[Available data]
----

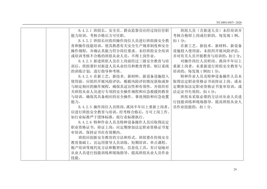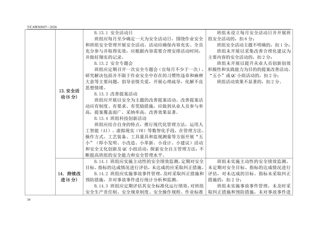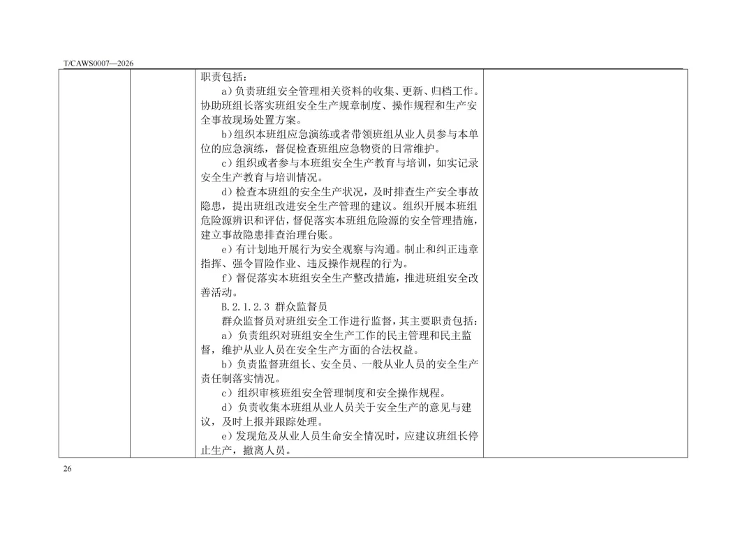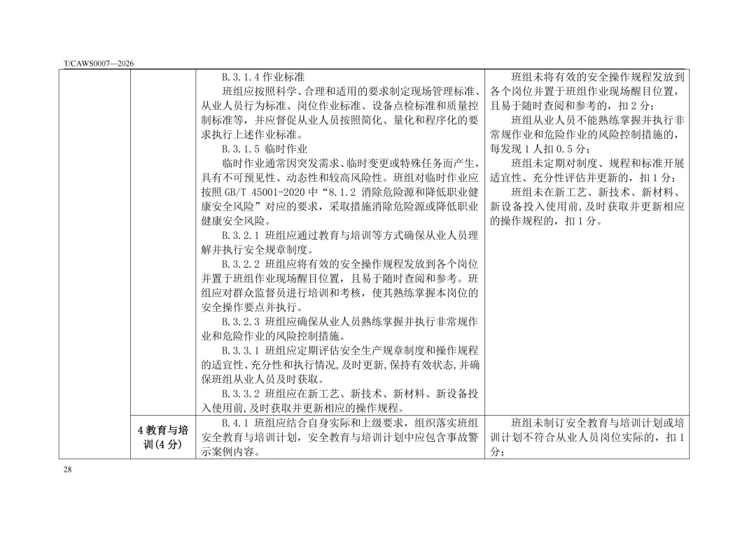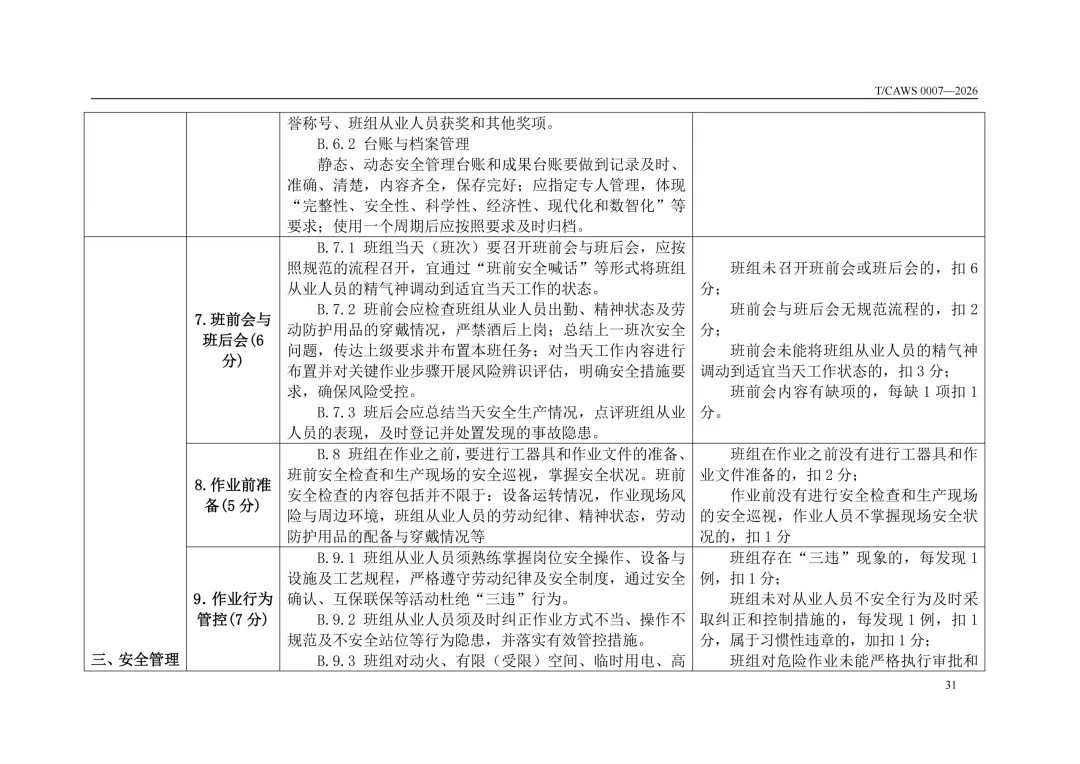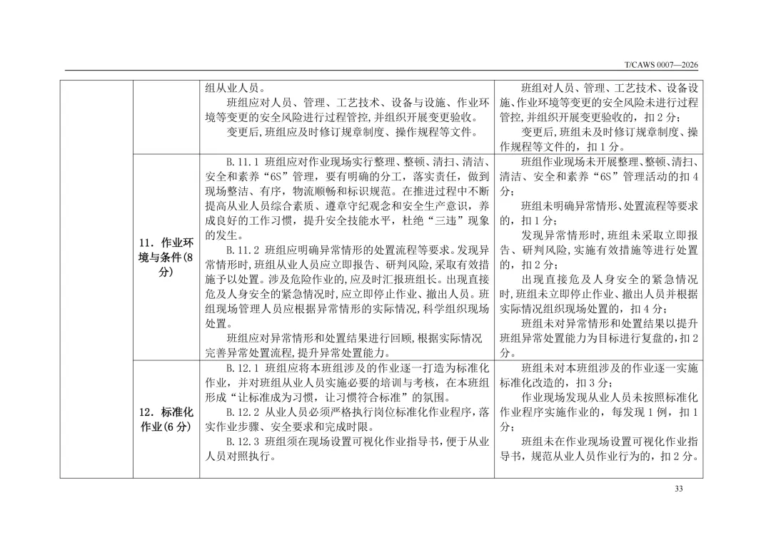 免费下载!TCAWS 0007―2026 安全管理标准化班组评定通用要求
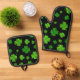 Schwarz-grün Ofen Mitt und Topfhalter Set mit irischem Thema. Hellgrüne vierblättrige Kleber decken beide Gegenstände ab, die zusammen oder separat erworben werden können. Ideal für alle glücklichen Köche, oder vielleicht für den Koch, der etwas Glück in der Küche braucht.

----

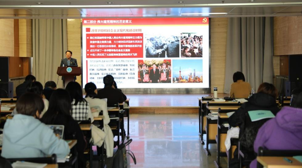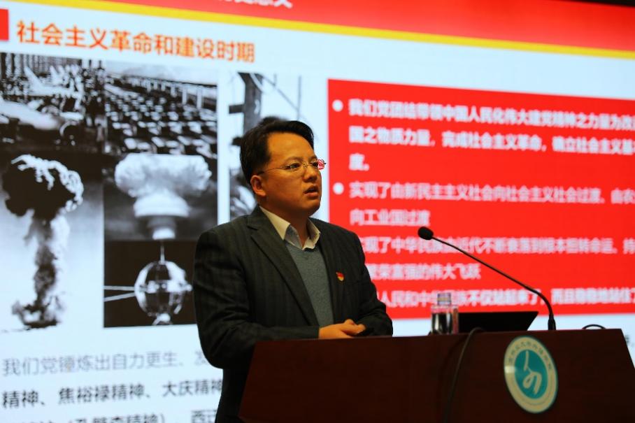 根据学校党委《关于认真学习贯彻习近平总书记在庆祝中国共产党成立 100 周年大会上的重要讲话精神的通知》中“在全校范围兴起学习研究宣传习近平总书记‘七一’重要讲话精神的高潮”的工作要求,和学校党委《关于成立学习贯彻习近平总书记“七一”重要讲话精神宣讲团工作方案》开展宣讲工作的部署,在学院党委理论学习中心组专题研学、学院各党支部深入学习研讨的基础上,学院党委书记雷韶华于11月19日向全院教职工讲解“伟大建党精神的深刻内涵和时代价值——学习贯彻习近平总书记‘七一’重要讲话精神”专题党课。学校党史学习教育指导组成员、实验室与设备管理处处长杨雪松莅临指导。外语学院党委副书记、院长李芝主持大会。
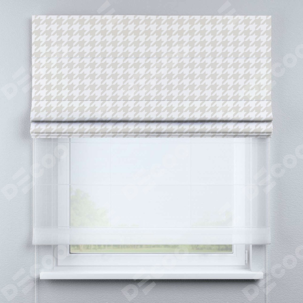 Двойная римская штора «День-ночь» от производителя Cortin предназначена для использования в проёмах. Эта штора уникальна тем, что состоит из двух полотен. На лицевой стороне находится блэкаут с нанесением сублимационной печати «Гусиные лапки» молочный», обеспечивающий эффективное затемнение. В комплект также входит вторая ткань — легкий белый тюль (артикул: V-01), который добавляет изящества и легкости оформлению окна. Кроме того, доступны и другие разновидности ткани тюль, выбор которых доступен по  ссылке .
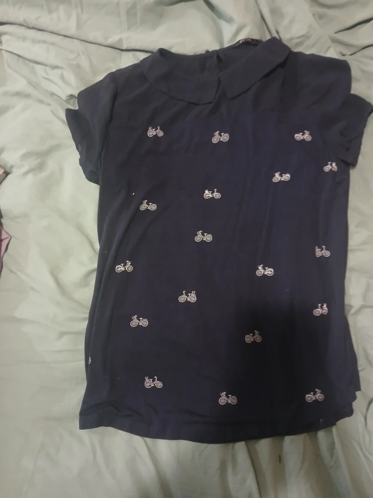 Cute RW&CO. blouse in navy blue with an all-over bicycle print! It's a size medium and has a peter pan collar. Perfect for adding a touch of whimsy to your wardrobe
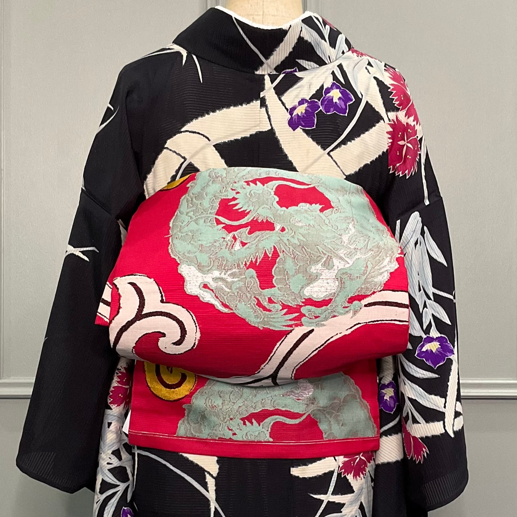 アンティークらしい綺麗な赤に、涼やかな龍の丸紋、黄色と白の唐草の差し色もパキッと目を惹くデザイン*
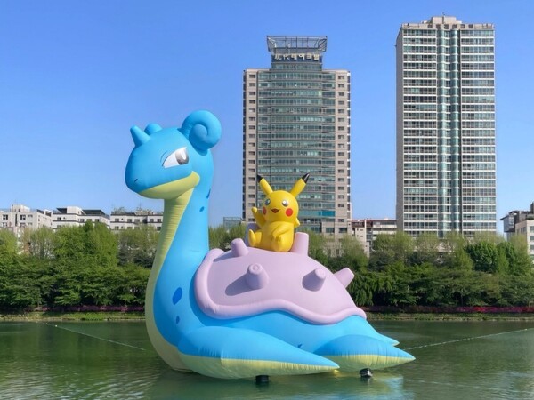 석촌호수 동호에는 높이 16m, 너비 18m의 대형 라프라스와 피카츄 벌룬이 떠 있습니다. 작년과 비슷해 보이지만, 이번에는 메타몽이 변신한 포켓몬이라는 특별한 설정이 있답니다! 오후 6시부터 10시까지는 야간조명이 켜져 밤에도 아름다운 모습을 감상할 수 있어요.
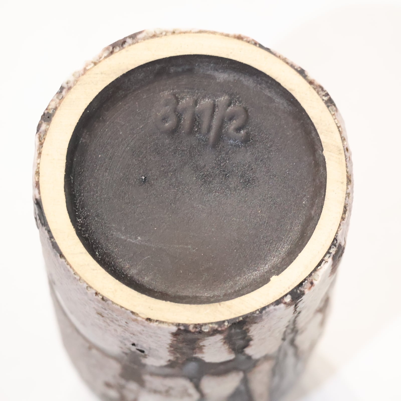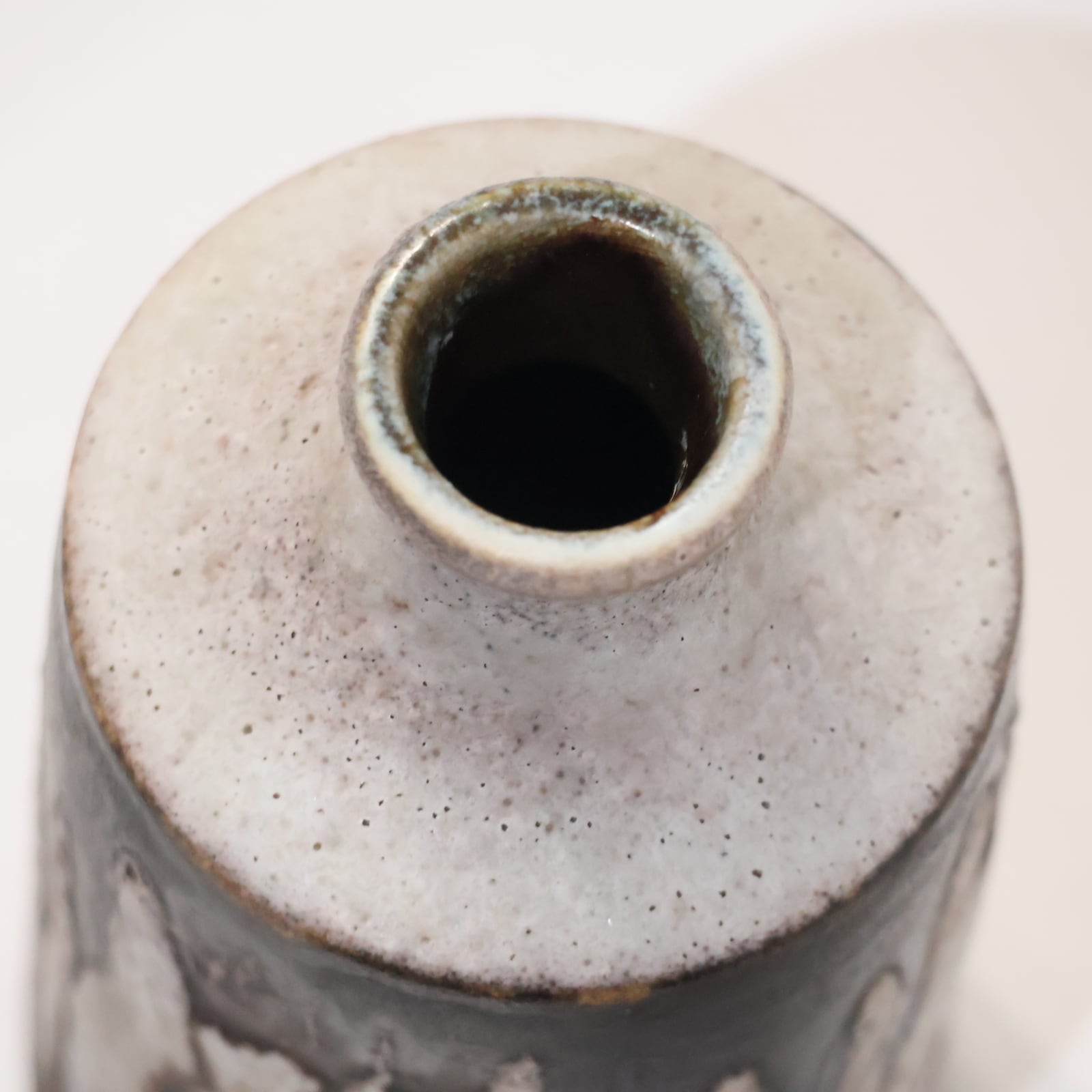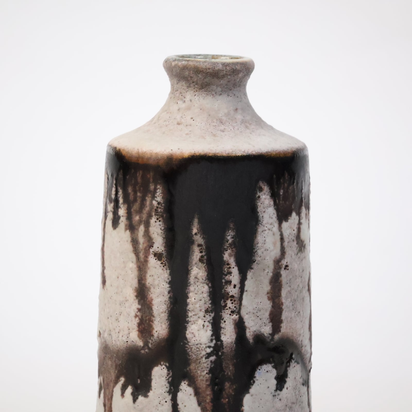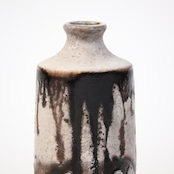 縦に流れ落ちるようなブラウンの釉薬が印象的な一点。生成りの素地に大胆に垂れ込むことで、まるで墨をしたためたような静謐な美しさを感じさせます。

----

[Goal of the exercise] Because only one stretch of the records is wanted, please output the lines from the one holding "アンティークらしい綺麗な赤に" through the one holding "縦に流れ落ちるようなブラウン" exactly, both included, and leave every picture out.

[Your solution]
 アンティークらしい綺麗な赤に、涼やかな龍の丸紋、黄色と白の唐草の差し色もパキッと目を惹くデザイン*
 석촌호수 동호에는 높이 16m, 너비 18m의 대형 라프라스와 피카츄 벌룬이 떠 있습니다. 작년과 비슷해 보이지만, 이번에는 메타몽이 변신한 포켓몬이라는 특별한 설정이 있답니다! 오후 6시부터 10시까지는 야간조명이 켜져 밤에도 아름다운 모습을 감상할 수 있어요.
 縦に流れ落ちるようなブラウンの釉薬が印象的な一点。生成りの素地に大胆に垂れ込むことで、まるで墨をしたためたような静謐な美しさを感じさせます。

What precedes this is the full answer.